Contrary to previous results of decreased DVD in chronic stage with macular 6 × 6 mm OCT-A imaging9,16, our results with 3 × 3 mm scan show that the wDVD did not decrease significantly with time procession. This could be explained by the enhanced visibility of deep retinal complexes resulted from severer thinning of inner layers. Although grading accuracy for 3 × 3 mm scans was significantly higher than for 6 × 6 mm scans which has limited vascular depth discrimination and is prone to induce overestimation of the measurements and mix DVD with the SVD changes 25,30, the limited 3 × 3 mm scanning area of OCT-A could miss those changes outside the confined area and therefore underestimate the results.
There are several limitations in our study, including its retrospective nature, the small number of subjects, and some loss to follow-up at 3–6 months.

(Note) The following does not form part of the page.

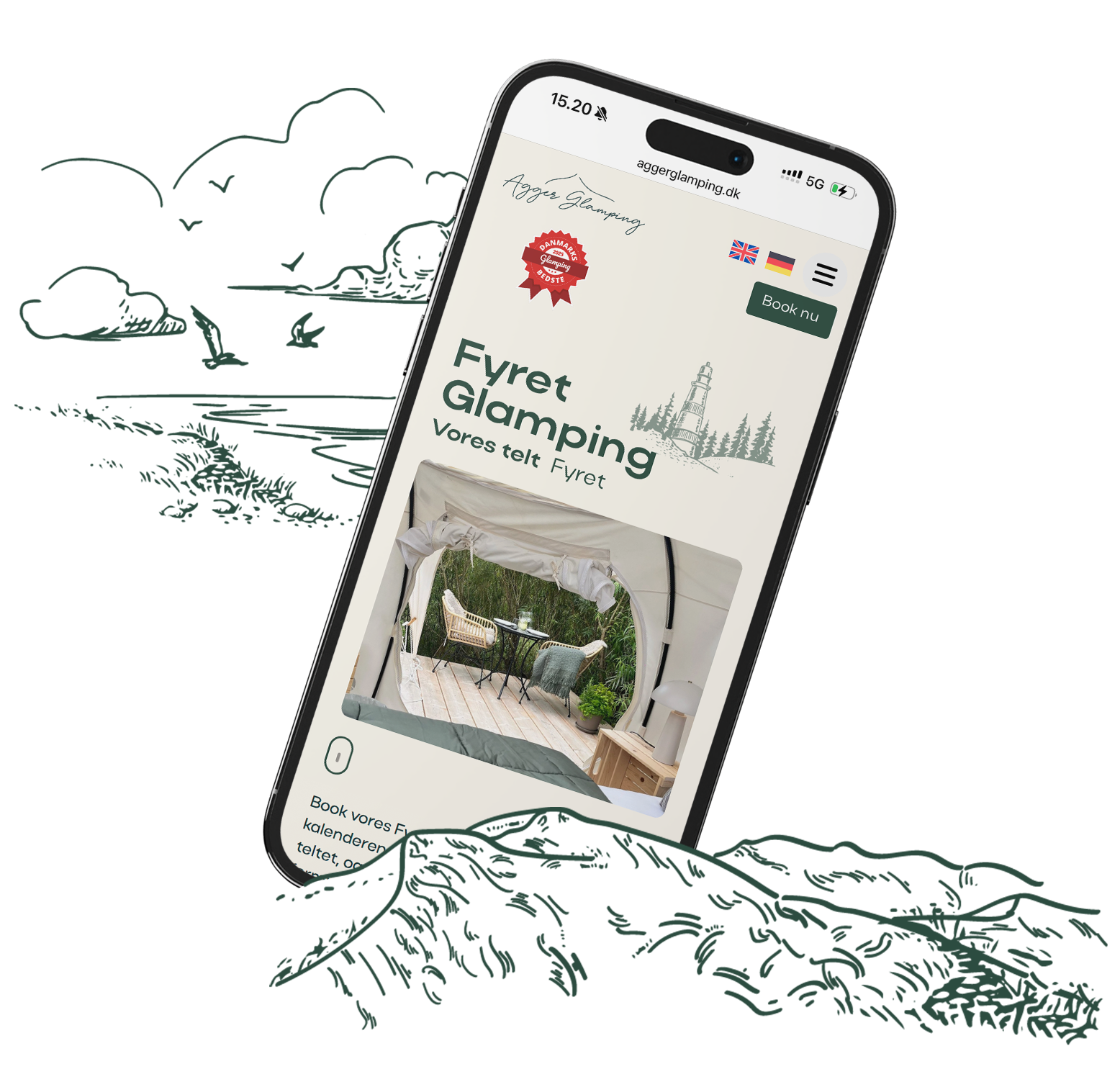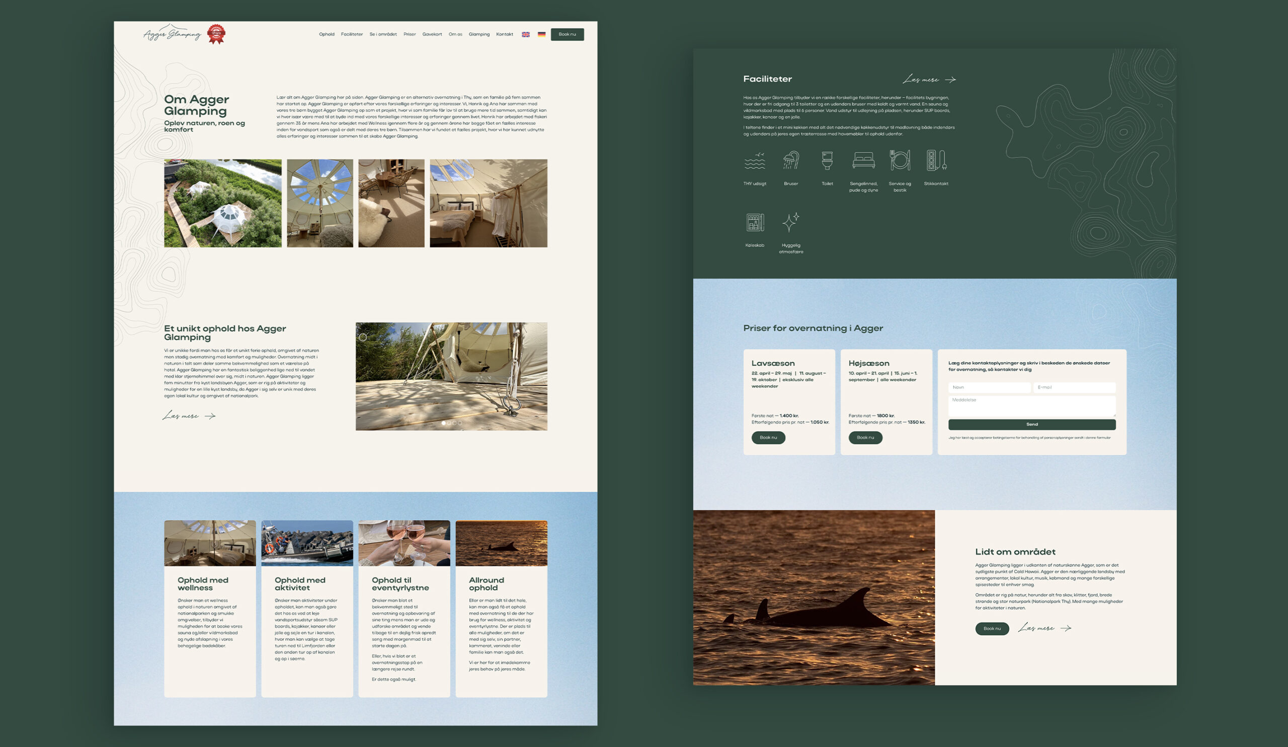 Agger Glamping kom til os med ønsket om en samlet digital løsning, hvor både visuel identitet, hjemmeside og booking skulle spille tæt sammen. Det var vigtigt, at det samlede udtryk formidlede den særlige oplevelse, Agger Glamping tilbyder – en kombination af natur, komfort og luksus – allerede fra første møde med brandet online.

Here, we focused on flow alterations with time, yet visual field loss of threshold was not analyzed in detail as previous studies showed a corresponding loss of structure and capillary density in the location of the visual field loss9,13,26. Additionally, vasculature in prelaminar and laminar slabs was not evaluated due to the current limits of the technology, which may be more related to the ischemia mechanism of PCA.